I thought that after I moved, it would all make sense. The burnout, the
restlessness, the ache in my heart to live in a foreign country that never went away.
Then, after I got settled, I would be happy.
After I made more friends, I would feel home.
After I set a schedule, I’d feel peace.
After I started a new job, I’ve feel engaged and connected and alive.
But it wasn’t so.
It’s not that I’m not happy, it’s just that I’m still waiting for the AFTER.
After I get in shape, I’ll be happy with my body.
After I go to Spanish school, I’ll be fluent and confident and no-longer-shy.
After I write, I’ll feel accomplished.
After I pray, I’ll be at peace.
But the AFTER never comes.
The waiting-for-something-better becomes a trap.

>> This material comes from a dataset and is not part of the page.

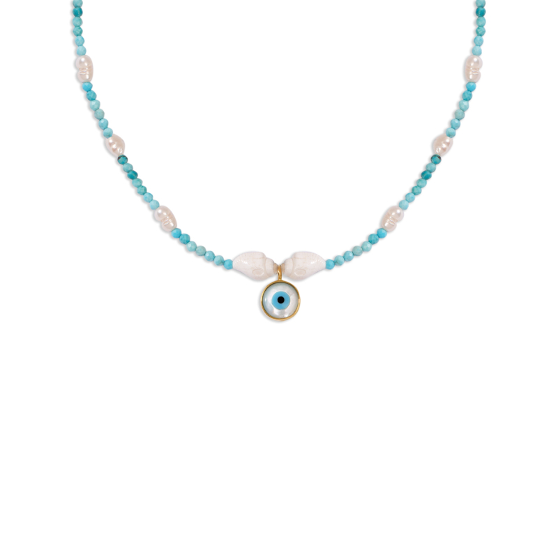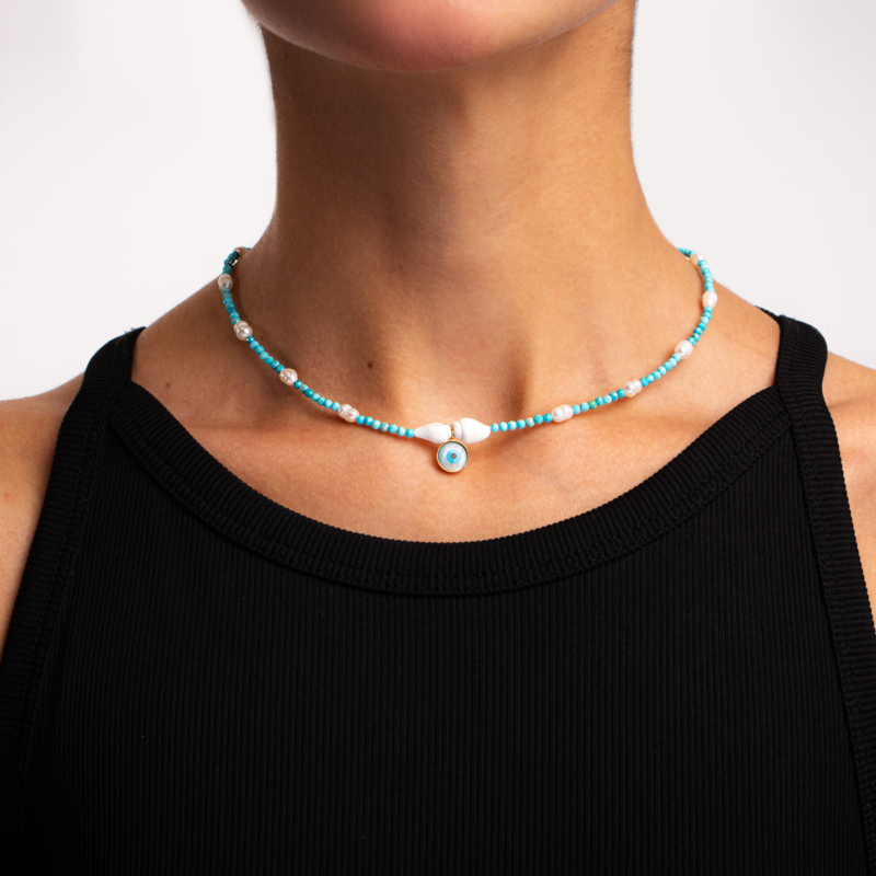 گردنبند طلا سنگی چشم نظر دایره درشت، ساخته شده از طلا 18 عیار و کاملا دست ساز می باشد.
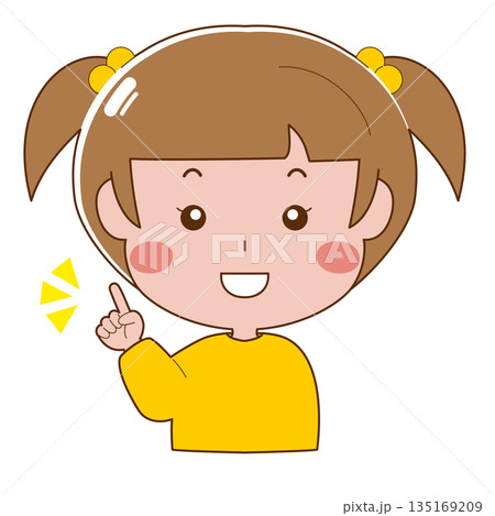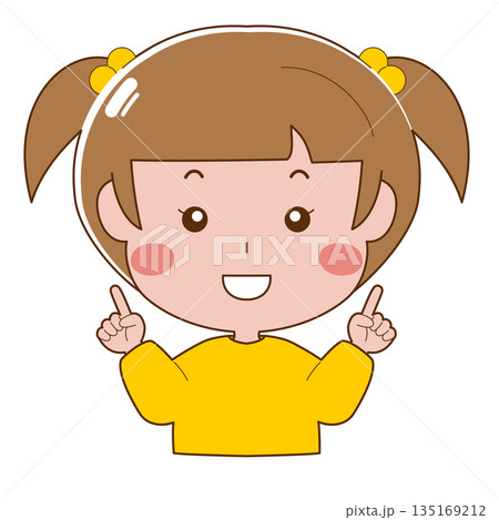女孩面帶微笑,雙手指著前方。

A prison. A recipe for discontent.
Because life isn’t in the AFTER. God isn’t in the AFTER.
Life is HERE, right now. God is HERE, right now.
In the flowers on my table. In the words I tap-tap-type.
That’s the idea of GRATITUDE. The awakening of joy in the current moment.
So I surrender my clinging to the AFTER. This unfreedom of waiting. The discontent of a life disjointed into BEFORE and AFTER.
I forget the BEFORE and AFTER. I open my eyes to the HERE.